--- Supplied information Enclosed Below ---
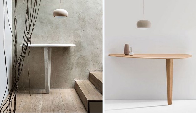 De Kuyu Console tafel van meubelfabrikant Zeitraum definieert een minimalistisch samenspel tussen wand en tafel. De consoletafel is ontworpen door de Formstelle designstudio.
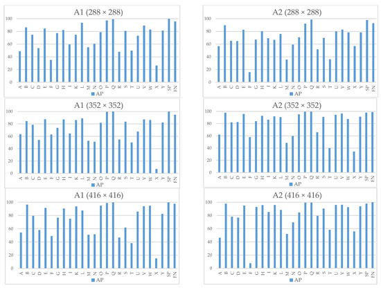 The per-sign average precision (AP) for every architecture is shown in Figure 10, where signs “M” and “N” are the letters with less AP for most of the models due to the similarities with other signs. Other signs, such as “F” and “X”, showed a large discrepancy in some models. This was the consequence of three main factors. Overfitting for some models and signs—under some lighting and hand rotation conditions, these signs could be misinterpreted as other signs, such as “R” and “W” in the case of sign “F”. In addition, since a different camera sensor was used for calculating the AP and raw camera resolutions and aspect ratios were considerably different, during the image rescaling process, signs could be significantly deformed. However, this could be solved by enhancing the training dataset by including images with varying aspect ratios of different camera sensors or by applying data augmentation as in [18].
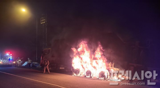 당국은 화물차 뒷바퀴에서 불이 시작된 것으로 보고 정확한 화재 원인과 피해 규모 등을 조사할 방침이다.
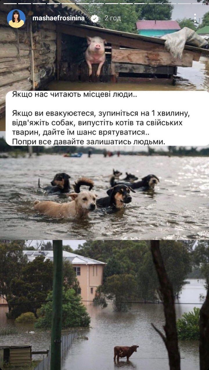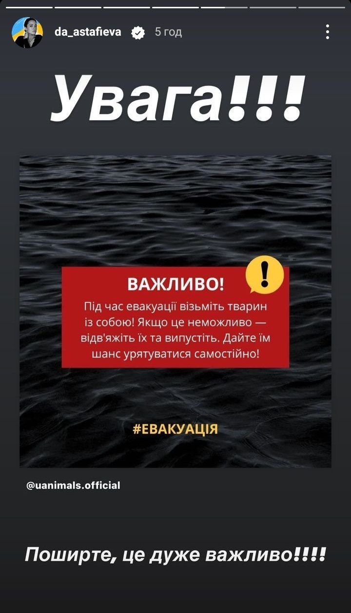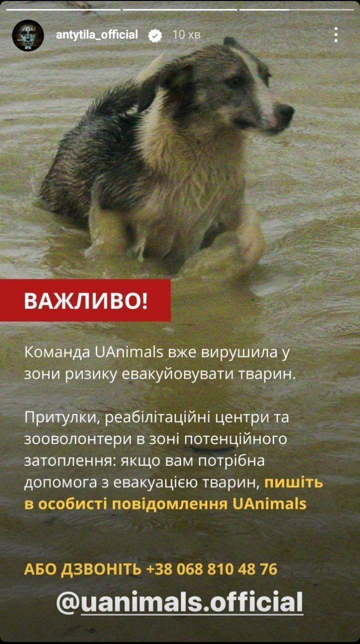 Росіяни підірвали Каховську ГЕС, спричинивши загрозу для тисяч українців та їхніх домашніх улюбленців, свійських тварин й узагалі всього живого. Українські зірки закликають рятувати тварин та за можливості брати їх з собою на евакуацію.
--- End of Enclosed Supplied information ---
- [About this exercise]:
Could you return, word for word, every line from the line with "당국은 화물차 뒷바퀴에서" through the last line of the listing above, both ends included, without any pictures?

- [Written response]:
 당국은 화물차 뒷바퀴에서 불이 시작된 것으로 보고 정확한 화재 원인과 피해 규모 등을 조사할 방침이다.
 Росіяни підірвали Каховську ГЕС, спричинивши загрозу для тисяч українців та їхніх домашніх улюбленців, свійських тварин й узагалі всього живого. Українські зірки закликають рятувати тварин та за можливості брати їх з собою на евакуацію.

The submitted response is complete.